Tuesday, 24 December 2013

A new Christmas horror: the 6am Christmas Eve Food Shopping Trip

Once again Tim Dowling proves he is the cerebral equivalent of my identical hand twin. This is what he wrote in last Saturday's Guardian:

"Christmas, as far as I am concerned, is self-ruining, full of unrealistic expectations, disasters-in-waiting and panic buying."

Couldn't have put it better myself.

However this year, in spite of everything, I feel a lot more relaxed about the whole catastrophe that is Christmas. Which is mostly due to becoming resigned to the fact that it will consume our entire residual income for November, December and (this year) January.

I decided the best way to regard Christmas is as a formal project. It has a project manager, who - contrary to best practice - is also the project leader (C) and a resource (me).

It has an objective (i.e. getting to New Year's Day without a relationship break-down, an assault, or a life-changing injury), a clear set of deliverables (edible turkey, pristinely wrapped presents, cries of delight etc), unmovable deadlines, and a project plan (C's lists).

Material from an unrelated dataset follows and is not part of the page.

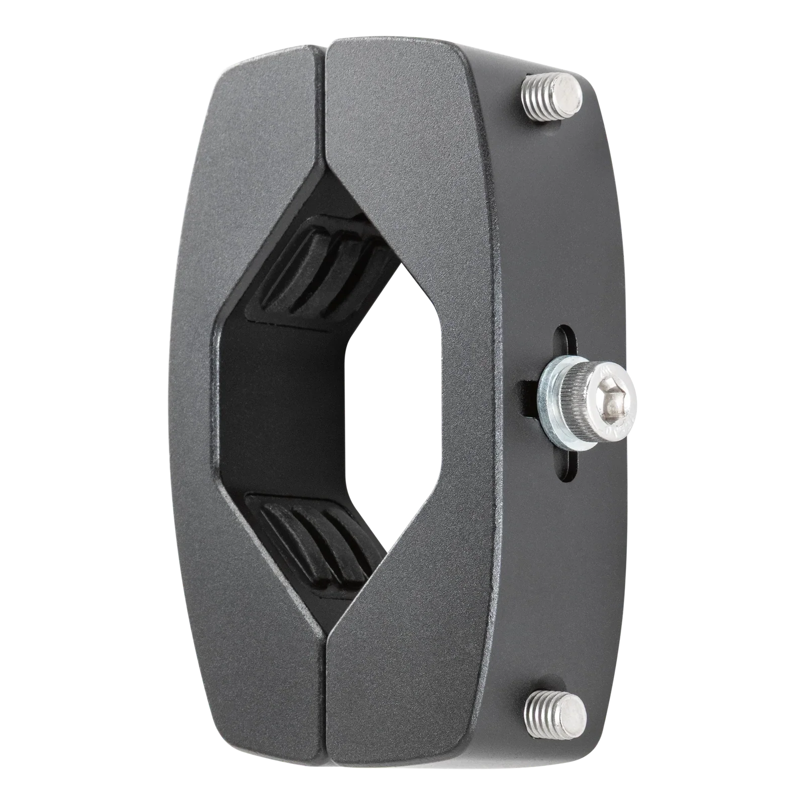This overbuilt billet aluminum clamp attaches to any round bar (0.95"–2.25") with reversible silicone grip pads that hold tight, creating a flat, stable surface ready for light bars, speakers, RotopaX mounts, or traction boards.

It will easily be delivered on budget - because the budget is open-ended (see above). Scope creep, usually the bane of any project, is not only allowed but practically mandatory.

So from now on in it's focus on the current task, cherish any fortuitous interactions with stakeholders, and hope for some positive feedback or maybe even a sticker, from the project leader, once it's all over.

Meanwhile Happy Christmas to my many, many units of readers.

PS  I still think the 6am shopping trip was a bit mad.